KEY WORDS: Breast measurements, breast ptosis, breast surgery, suprasternal notch-nipple distance
INTRODUCTION
Suprasternal notch-nipple distance and breast ptosis are two measurements that are often used in everyday plastic surgical clinical practice to evaluate breasts preoperatively,[1,2,3,4,5,6,7,8,9] to choose the right surgical technique[10,11] and to predict surgical outcome.[11] Nonetheless, the reliability of standard breast measurements, such as ptosis and suprasternal notch-nipple distance, has ‘to our knowledge’ never been tested. The aim of the present study was to test the inter-observer reliability of clinical measurement of ptosis and suprasternal notch-nipple distance.
MATERIALS AND METHODS
Subjects and raters
Six women (12 breasts) were recruited as subjects from the staff of the Department of Plastic and Reconstructive Surgery at Skåne University Hospital. Six raters assessed the subjects’ breasts. The assessors were plastic (rater B-C) or breast (rater A) surgeons or nurses (rater E-F) in our hospital. All the raters, the surgeons as well as the nurses, received the same instructions on how to perform the measurements.

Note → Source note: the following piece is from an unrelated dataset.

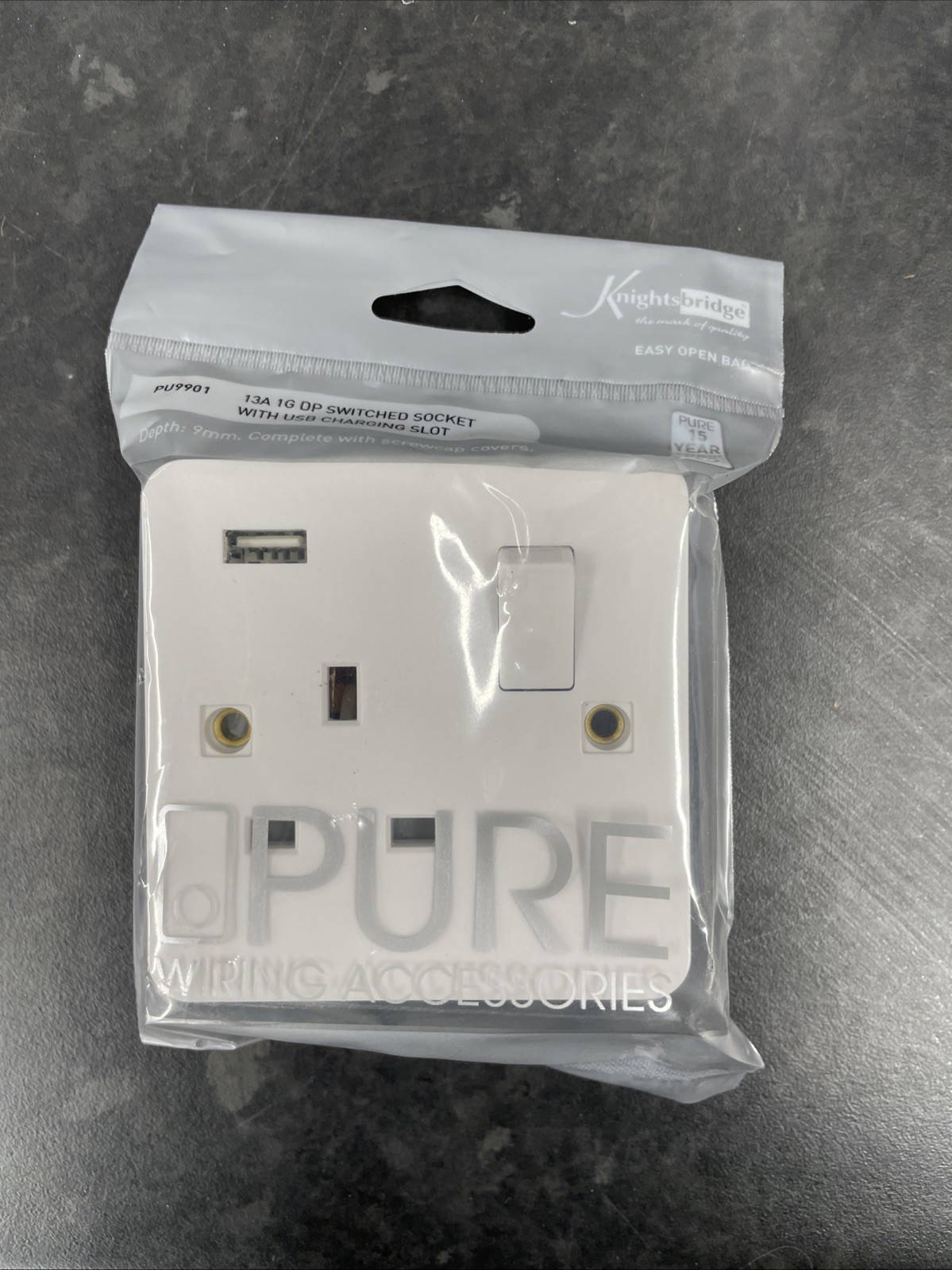 13A Single Gang Switched Plug Socket with USB Port Knightsbridge CU9903

The procedures followed were in accordance with the Helsinki Declaration of 1964, as revised, and the Good Clinical Practice (GCP) guidelines. The subjects gave their informed consent to participate in the study.
Measurements
All measurements were performed by all raters on the same day. The patient was placed in an upright relaxed position with her arms hanging down. The distance from the submammary fold and the lower pole of the breast (the ptosis) and the distance from the suprasternal notch to the nipple were measured using a tape measure and recorded with an accuracy of 0.5 centimetres (cm).
Statistics
Statistical tests were performed using the IBM SPSS 21 for Mac (SPSS Inc, Chicago, IL) and Microsoft Excel for Mac 2011 14.0 (Microsoft Corporation, Redmond, WA). To assess agreement between different raters Intraclass correlation (ICC) coefficients[13] were calculated. The ICC does not take the order of the observations into account and can be used when there are more than two observations per subject. ICC can range from 0 to 1, with the maximum of 1 corresponding to complete reliability, that is, no measurement error. The coefficient of variation (CV) was calculated as (1SD/mean) ×100. The overall CV was calculated as √((CV12 + CV22 + CV32 + …CV122)/12).

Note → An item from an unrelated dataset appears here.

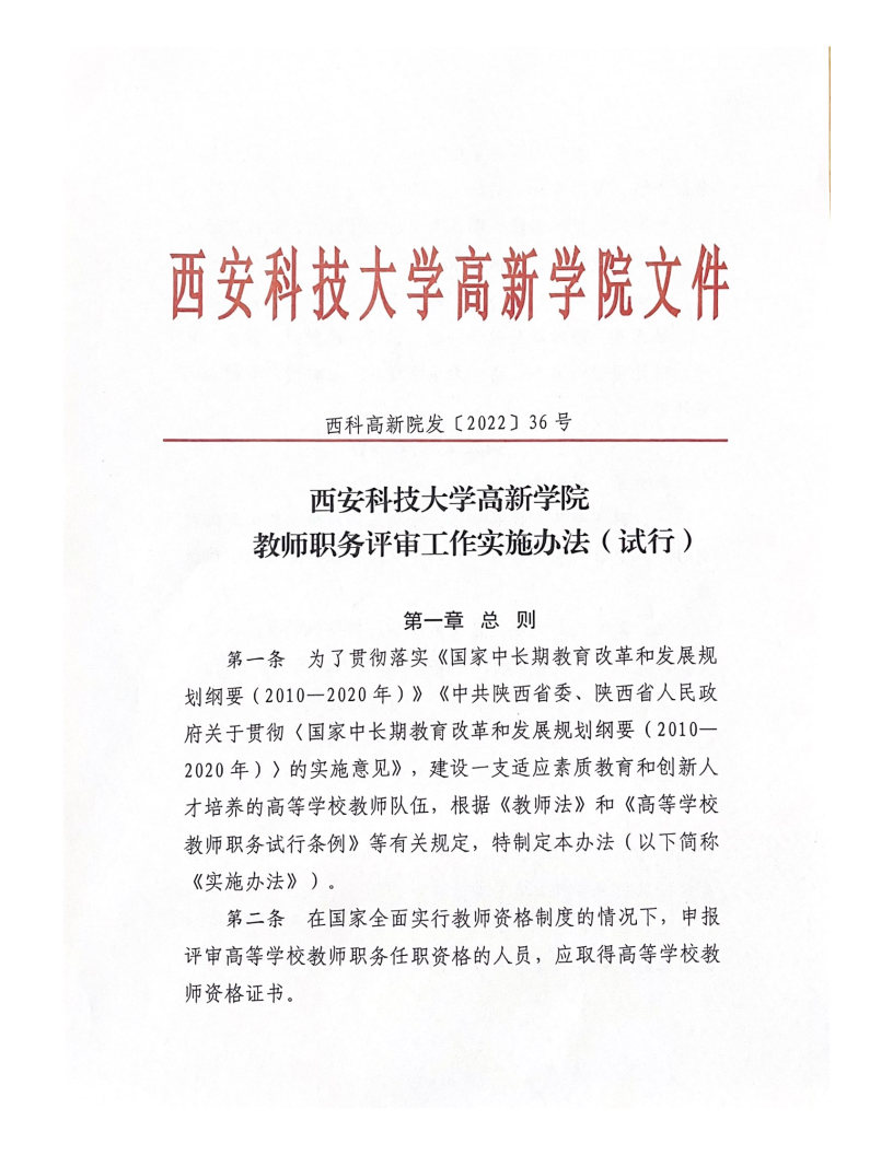 西安科技大學高新學院教師職務(wù)評審工作實施辦法(試行)

Bland-Altman plots[14] were drawn between the measurements of the two nurses (rater E and F) to visualise any systematic variation over the range of measurements. These two raters were chosen as they were both taught how to perform these measurements at the same time in 2009, and have since then been measuring breasts, in conjunction with reduction mammaplasties, equally long and equally frequently.
RESULTS
The diagrams of measurements [Figures 1 and 2] show that there is a certain variation between different raters and that a certain rater seems to consistently measure slightly longer or shorter distances than the other raters.
Figure 1.
Different raters’ measurements of the ptosis of the 12 breasts
Figure 2.
Different raters’ measurements of the distance from the suprasternal notch to the nipple of the 12 breasts
The intra class correlation (ICC) coefficient of average measures of ptosis between raters A-F is 0.92, 95% confidence interval 0.91-0.99 and of suprasternal notch-nipple distance 0.94, 95% confidence interval 0.80-0.98. The ICC coefficients imply that 92% of the variation in ptosis, and 94% of that in suprasternal notch-nipple distance, are between patients rather than within patients, which is a sign of low intra-rater variance, that is, the agreement between different raters is high.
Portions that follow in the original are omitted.